Downtown Bellevue has evolved from a suburban business district and Seattle bedroom community to a thriving urban destination encompassing 410 acres, 4.5 million square feet of retail and entertainment uses, and 9.9 million square feet of office space with a low overall vacancy rate, currently between 5% and 7% depending on the source. There are more than 55,000 employees and 15,000 residents housed in downtown. Since 1974, the Bellevue Downtown Association will continue to champion and provide leadership for a viable, livable, memorable and accessible downtown.
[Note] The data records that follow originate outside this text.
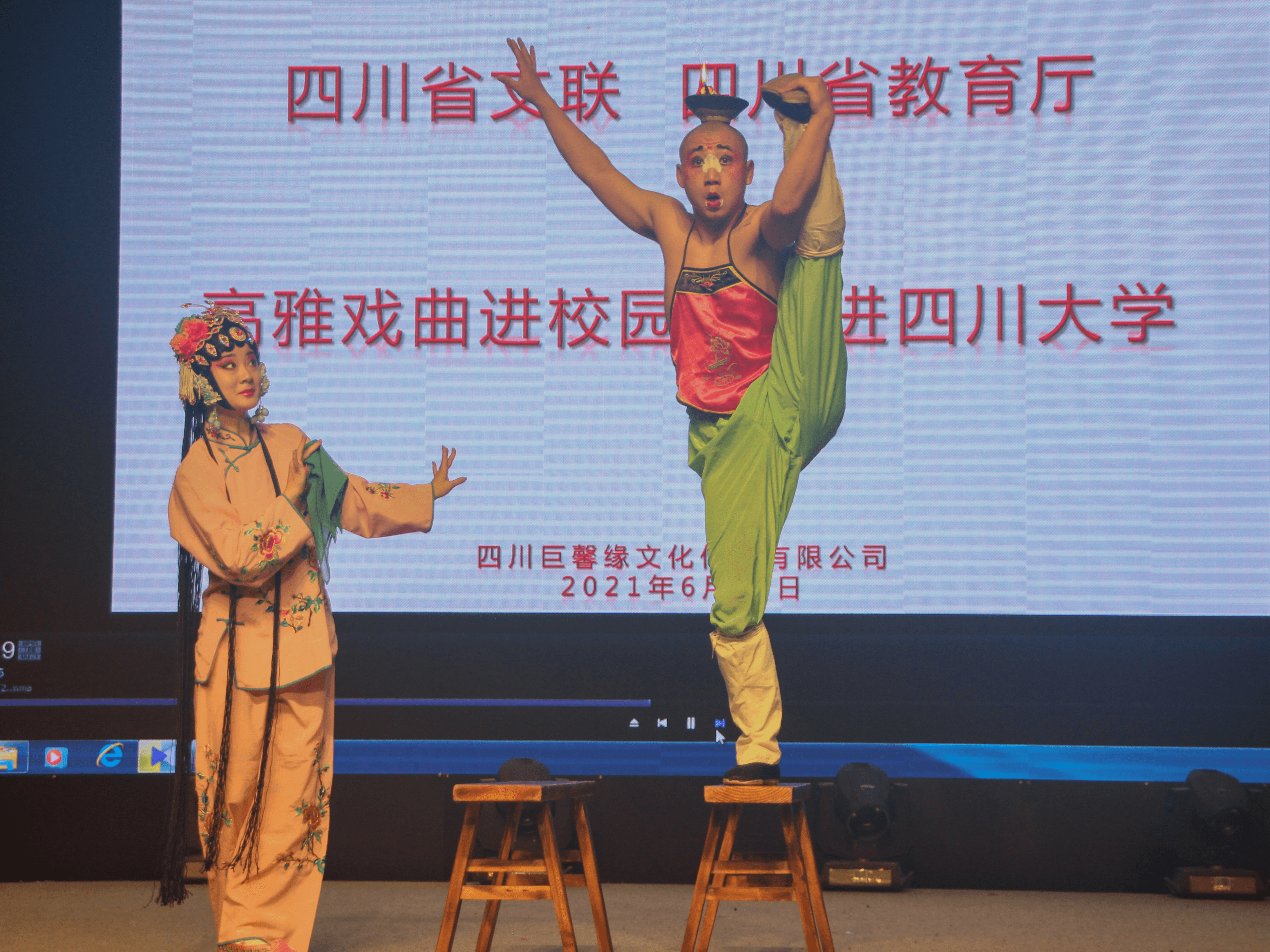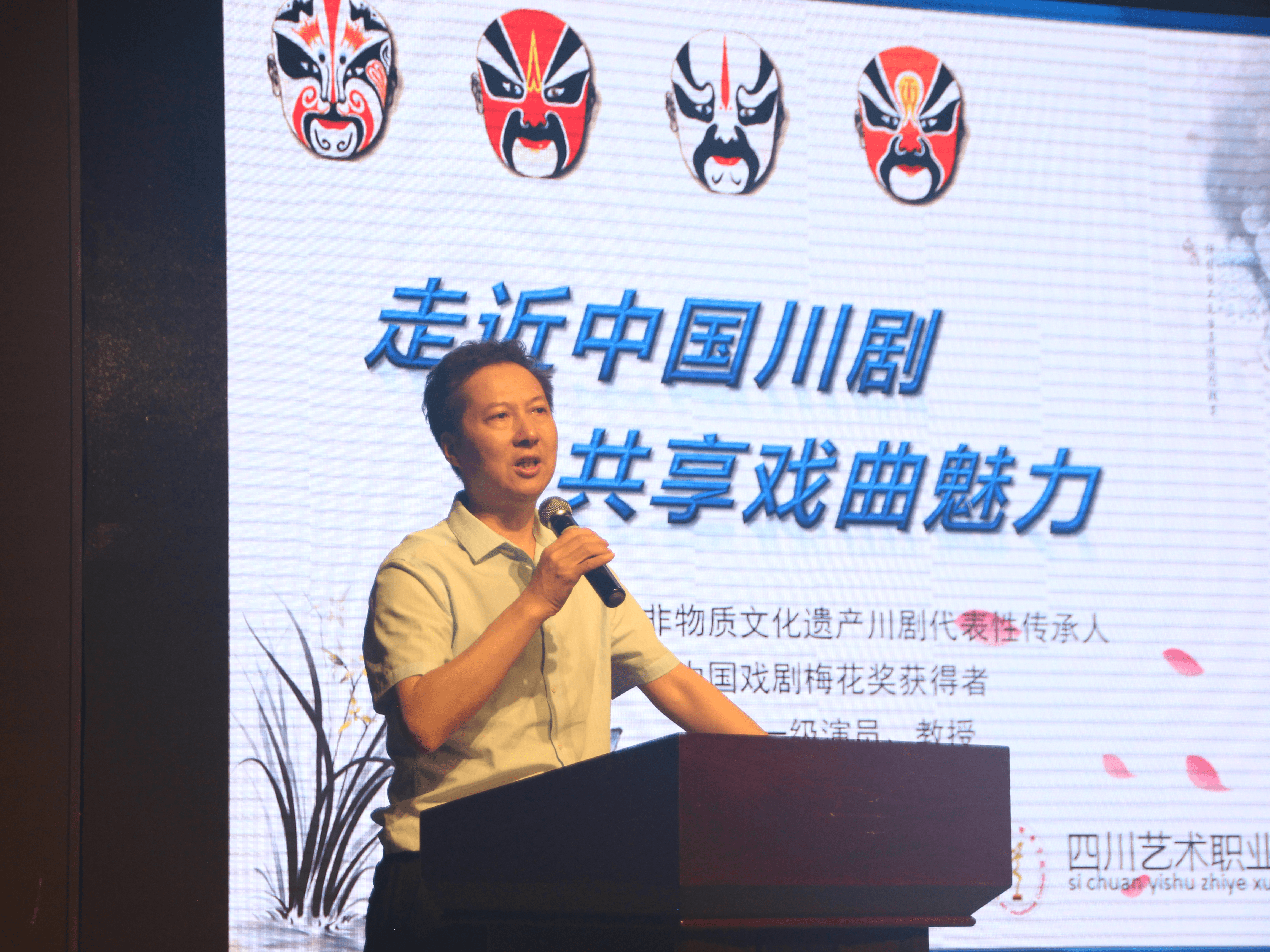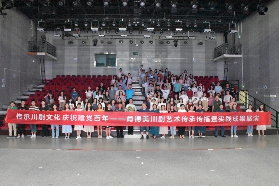 2021年6月15日下午2:30,国家级非物质文化遗产川剧代表性传承人、中国戏剧“梅花奖”获得者、国家一级演员、四川省川剧理论研究会副会长、四川艺术职业学院二级教授肖德美应邀在江安校区文科楼演播厅举行《传承川剧文化,庆祝建党百年——肖德美川剧艺术传承传播暨实践成果展演》yh533388银河官网专场,公司丁淑梅教授主持。作为国家级非物质文化遗产川剧代表性传承人,肖德美教授不仅数次赴境外演出,而且以讲座+示范+展演的传播形式在多所大中小学、基层社区举办一百余场讲座展演,让戏曲走近年轻人的身边。
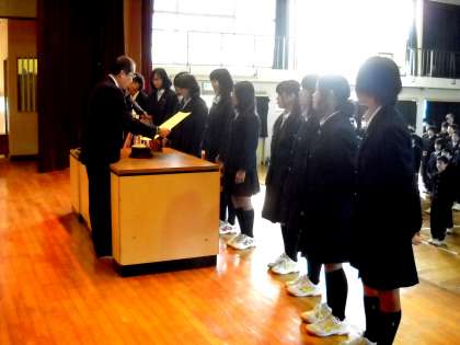 続いてソフトボール部の「市内女子ソフトボール大会 準優勝」の表彰がありました。
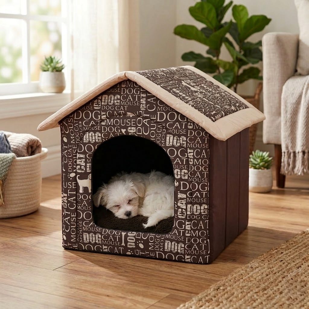 Legowisko dla psa w kształcie budy. Mocne przeszycie zapewniają niezmienny kształt podczas użytkowania. Estetyczne wykonanie. Materiał odporny na zadrapania. Możliwość wyprania dzięki zdejmowanemu pokrowcu.
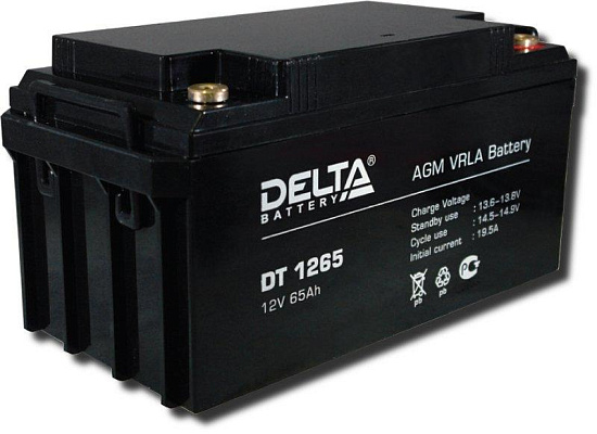 Герметизированный VRLA cвинцово-кислотный аккумулятор Delta DT 1265 напряжением 12В и емкостью 65Ач изготовлен по технологии AGM (с микропористым заполнителем, пропитанным электролитом). Корпус изготовлен из негорючего ABS пластика. Срок службы аккумулятора рассчитан на 7-10 лет работы. Аккумулятор предназначен для работы в режиме постоянного подзаряда (т.н. буферный режим), обладает низким внутренним сопротивлением и саморазрядом. Дополнительно к аккумулятору у нас можно подобрать зарядное устройство для него, батарейный шкаф или стеллаж.
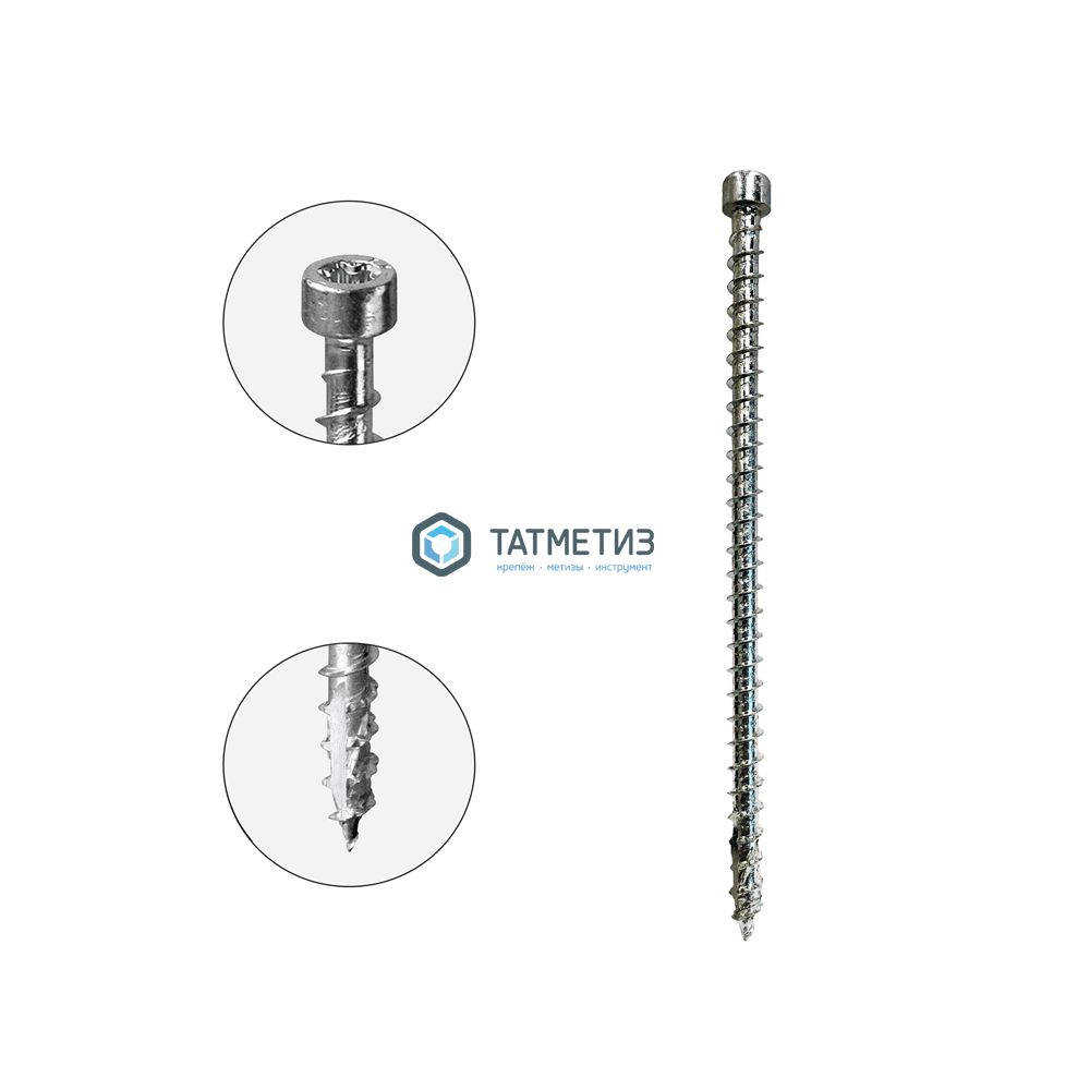 Шуруп-саморез ЦИЛИНДР головка 6х200 (100 шт/уп) белый цинк ПОЛНАЯ резьба
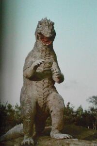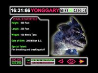 - ↑ The 1999 Yonggary's height varies between sources. A bonus feature included with the American DVD release of Reptilian states his height to be 500 meters,[3] and the official Korean promotional site for the film says he is 150 meters (nearly 500 feet).[4] However, the English version of the site instead calls him a "350 foot tall [...] monster,"[5] and the Japanese theater program for the film places him at 106 meters (about 350 feet). Furthermore, Yonggary's height is estimated in the film itself as "50 times the size of a T. rex". As the largest Tyrannosaurus rex specimen currently known is just over 4 meters tall at the hip, this would place Yonggary's maximum height at around 200 meters.
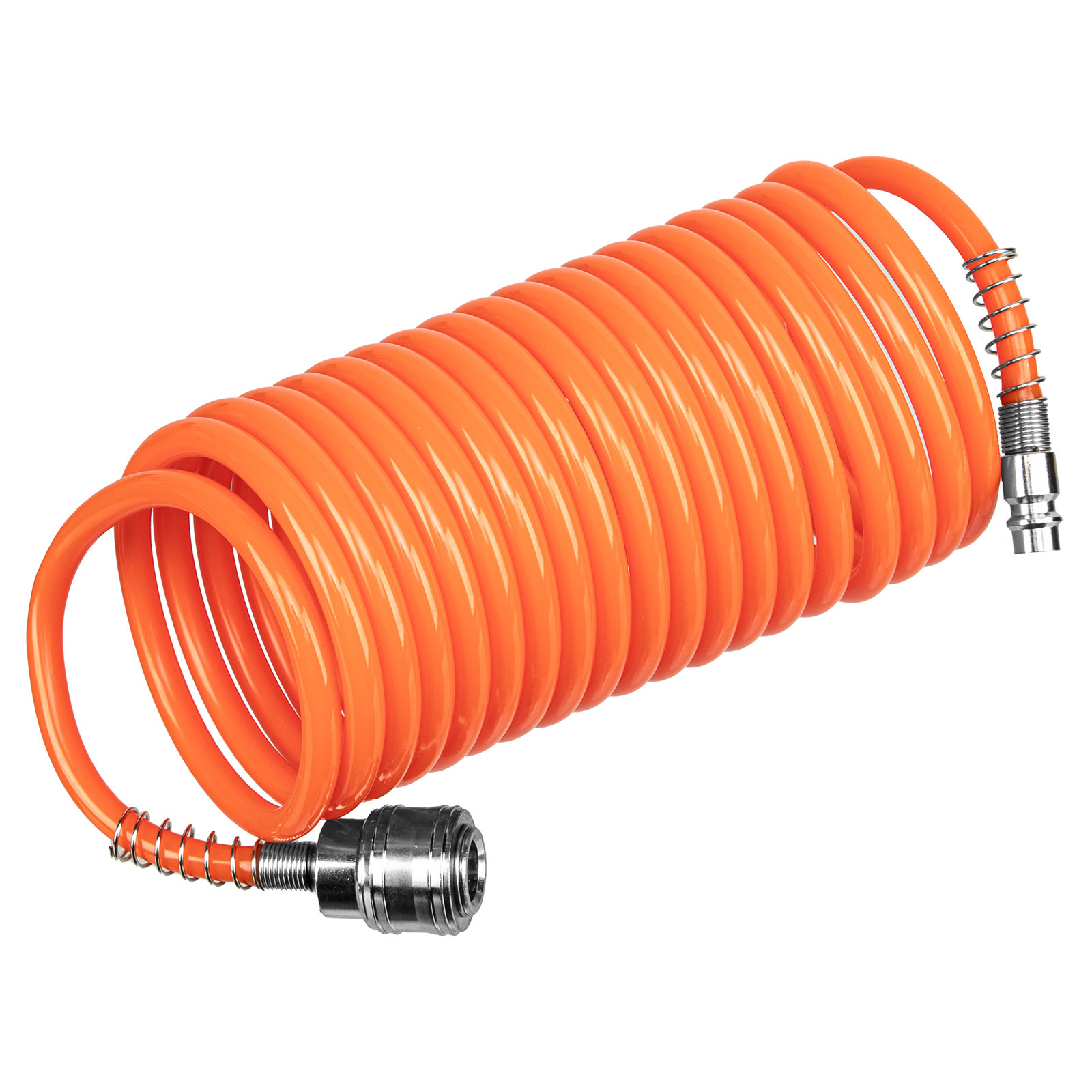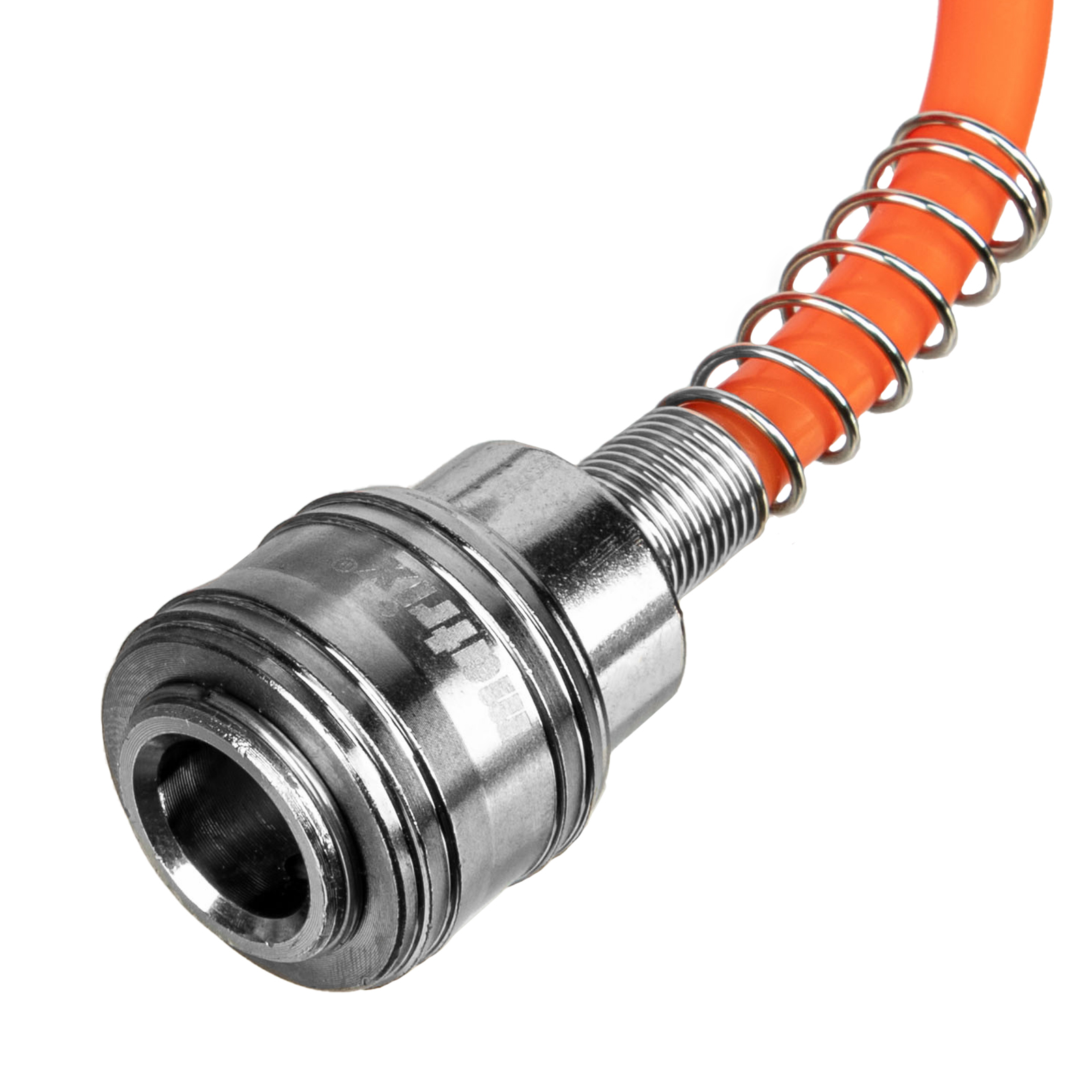 - Удобное использование — спиральный шланг не перегибается и не нуждается в скручивании после окончания работ, а его длины 5 м достаточно для свободного передвижения по рабочей зоне.
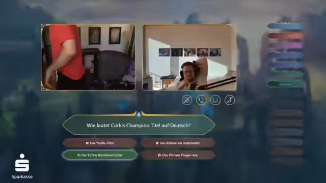04:03:20Die Frage nach Corkis Champion-Titel auf Deutsch ist für den Streamer eine einfache, da er auf Deutsch spielt. Die korrekte Antwort 'der kühne Bombenschütze' wird mit hoher Confidence gegeben. Die anderen Optionen, wie 'der Jodelpilot' oder 'die dröhnende Jodelnatter', werden als fiktive oder lore-basierte Bezeichnungen entlarvt.
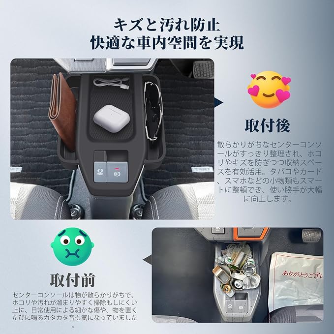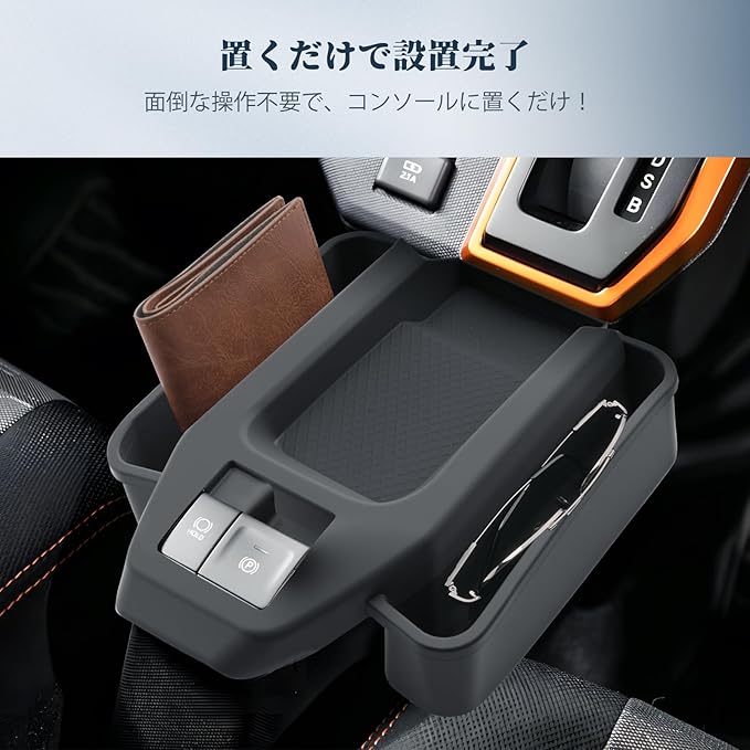 【収納スペースがUP!】スマホやティッシュ、サングラスなどの小物を収納可能。滑り止め加工済みのラバーマットで、防塵・防キズ・カタカタ異音を減少し、使いやすくて綺麗な車内を実現します。コンソールにより広い収納スペースを増設し、より便利で快適な車内空間を実現します。
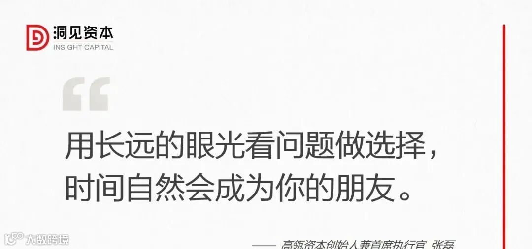 我关注的是创造多大价值的机会,这就是我说的深入基本研究,在这个过程中我们多年来一直坚持持续深入的跨时间、跨地区、跨行业、跨类别、跨线上/线下的行业研究,所以高瓴能够深刻理解这些行业的长期内在发展规律和业务逻辑,从而准确把握行业与市场的变革要素和时点。

Regional Transportation Hub
Bellevue serves as the transportation center in the region where major east-west and north-south transportation corridors intersect; nestled between state route 520 to the north, I-405 (with Express Toll Lanes - free on the weekends and for 3+ HOVs at all times) to the east, and I-90 to the south and with 1,150 buses entering and leaving the Bellevue Transit Center each day. This proximity makes Bellevue an employment center for sectors such as technology, bio medical sciences, legal, banking, venture capital, trade, architecture, engineering, and real estate development. Just minutes (17 miles on I-405) from Seattle-Tacoma International Airport and equidistant from both London and Beijing (with daily direct flights to both), the greater Seattle-Bellevue area is a center for international trade. It is closer to Japan, Korea and China than any other city on the West Coast. And, after Washington DC and NYC, it is 3rd in the USA in number of foreign embassies.